O Desrespeito Pela Vida

O Drama Existencial de um Autor Perverso
Astolfo Lima
Já comentei inúmeras vezes que o folhetim televisivo é uma das maiores desgraças nacionais. Depois que se foram Dias Gomes e Janete Clair, acabou-se aquela coisa da história amena, do puro entretenimento - características fundamentais para um programa direcionado ao grande público, que adentra nossa casa sem pedir licença e na hora em que a família está toda reunida na sala.
Também já falei muitas e muitas vezes sobre a liberdade de expressão, a licença poética, o direito que qualquer autor deve ter para expor sua arte, seja no livro de papel, no cinema ou no palco. Tanto é esse o meu pensamento, que posso muito bem deliciar-me com as obscenidades literárias de Joyce, do próprio Marquês de Sade,com os versos nefastos de Baudelaire ou de Augusto dos Anjos, com o pessimismo da Clarice, a angústia do Graciliano e até com a podridão estilística de Nelson Rodrigues. Porque, na literatura, tudo é válido, e aí seria tão somente uma opção minha ou sua, uma coisa bem particular nossa; o sagrado direito que qualquer cidadão deve ter  para escolher suas leituras ou o tipo de lazer a que se deve permitir. Exatamente o contrário do que ocorre no cronograma televisivo com relação à sociedade.
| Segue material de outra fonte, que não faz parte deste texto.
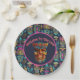 A Bright Tiki Mask Luau Party Paper Plate In Blues And Pinks For A Hawaiian Luau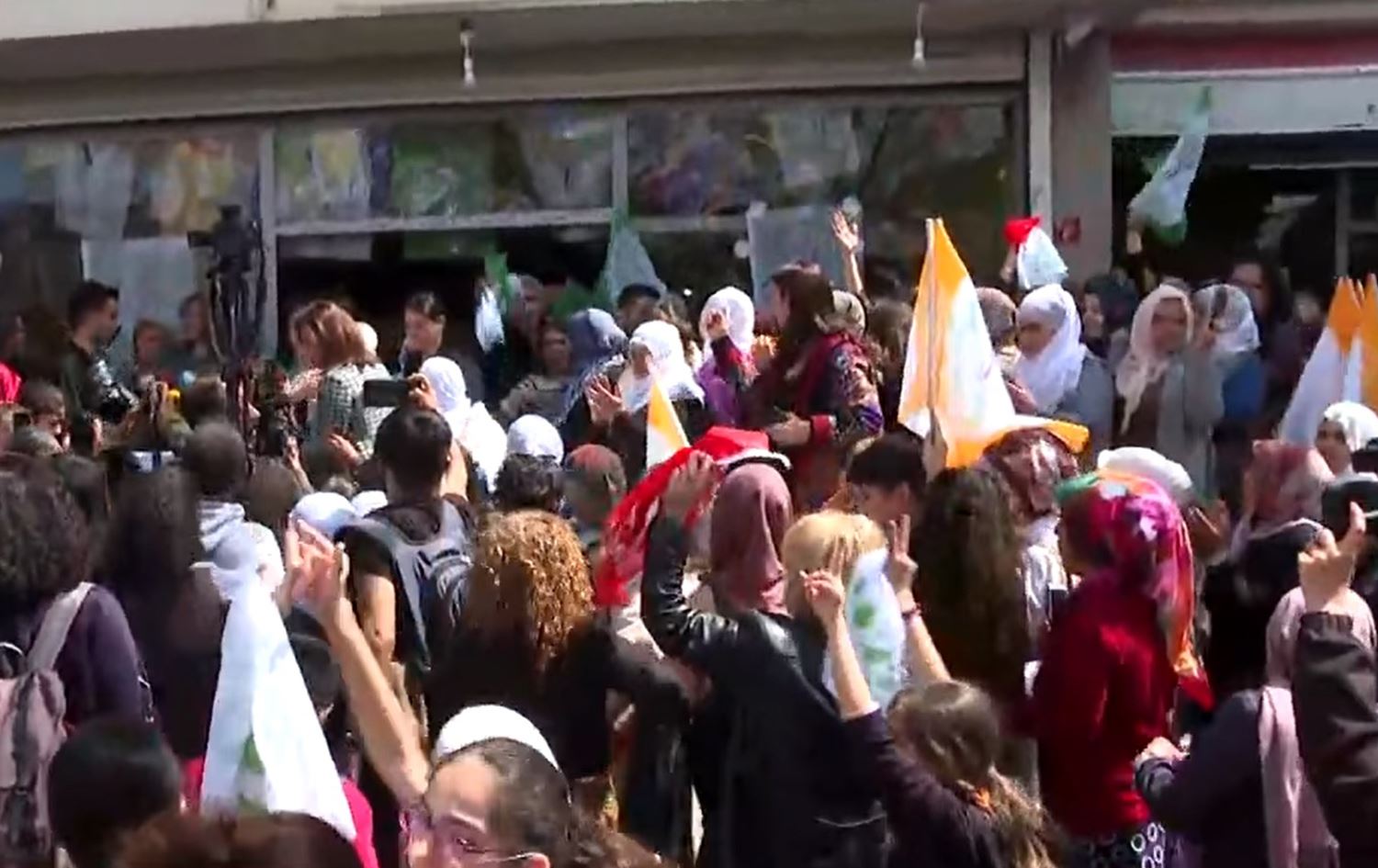 Kesên ku beşdarî merasîmê bûn slogan bilind kirin û meşxel pêxistin. Hejmareke zêde ya hêzên ewlakariyê jî li ber deriyê ofîsa hilbijartinan a YSPê hatibûn bicîhkirin û çend caran alozî derketin.

Como entender, por exemplo, que um autor visivelmente amargurado, padecendo por certo de alguma moléstia física (com fortes reflexos no lado psicológico, influindo sobremaneira no aspecto criativo) se ache no direito de levar aos lares brasileiros, em forma de folhetim, todas essas mazelas que lhe inquietam o espírito? Ora, meus amigos, dizer no papel que a mocinha linda, talentosa e cheia de vida, cujo pai infiel  troca sua exemplar genitora por uma jovem modelo, vindo essa filha logo em seguida a sofrer um desastre que a tornará tetraplégica, não é a mesma coisa que mostrar todo o infortúnio através de imagens e ainda o fazendo acompanhar-se de fundo musical extremamente pessimista, ao dizer que o indivíduo mal nasce já começa a morrer. Isso sem contar  os muitos desvios morais e desavenças que fluirão pararelos em todo o desenrolar da sordidez central, como o da moçoila que se consome em inveja, da outra que se mutila em drogas ou do irmão gêmeo que tenta assassinar friamente a sua outra metade.
É, meus amigos, quando o sr. Dias Gomes queria alavancar audiência para a Globo, não precisava se expor ao ridículo nem agredir a família nacional: apenas tirava do surreal, com toda aquela maestria que lhe era peculiar, um personagem que logo faria a alegria do povão, e também do povinho metido a besta . Da mesma forma que a sra. Janete, que nunca precisou se valer de mesquinharias familiares e outras monstrusidades para construir uma bela tramna de amor.